One of the most essential services general neurologists can extend to our patients with Parkinson’s disease is to develop a relationship with a movement disorder specialist to refer patients for early consults on the newest innovations in the field. It is essential that general neurologists and movement disorder specialists work together to help patients make the best decisions about their care. Importantly, the role of the movement disorder specialist in this relationship is often in an advisory capacity, with the general neurologist actively directing day-to-day care of patients. However, establishing a team approach in which patients periodically follow up with specialists allows patients to keep informed about their options and have the most information possible as they make decisions about their care. Ideally, movement disorder specialists and general neurologists would connect periodically, as well, and discuss therapeutic paths for the patient. These relationships, therefore, are a true collaboration, and establishing them sooner may lead to better utilization of therapies such as DBS.
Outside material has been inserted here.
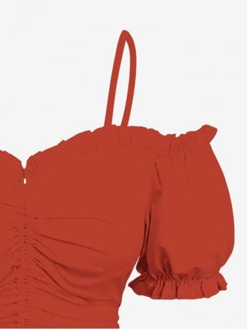 Solid Cinched Top and Tropical Leaf Hibiscus Flower Print Hawaii Split A Line Skirt Plus Size Matching Set - Orange

Surgical procedures are not for all patients with PD, nevertheless it’s important to identify those who might benefit from and offer information about it rather than treating it like a last resort. Referring early to a movement disorder specialist is a critical step to optimal care because it can help guide patients on the right time to consider an invasive treatment while the window of opportunity is still open.

Collaborating for the Future

When it comes to the treatment of Parkinson’s disease, patients and physicians should be proactive about the future. We are fortunate that so many innovations are taking place within this spectrum and that patients can interact more easily for support and care. The neurologist can also be part of that process to help counsel and advise patients on therapies that they should consider, even if those options are not for everybody. In the case of DBS, specifically, despite so many recent advances and the vast evidence in support of its benefits, it remains an underutilized treatment modality for patients with PD. Therefore, it is essential that physicians are informed about it and establish relationships with specialists who they can rely on to bridge patient care.

Gian D. Pal, MD, MS is an Assistant Professor of Neurology at Rush University in Chicago, IL.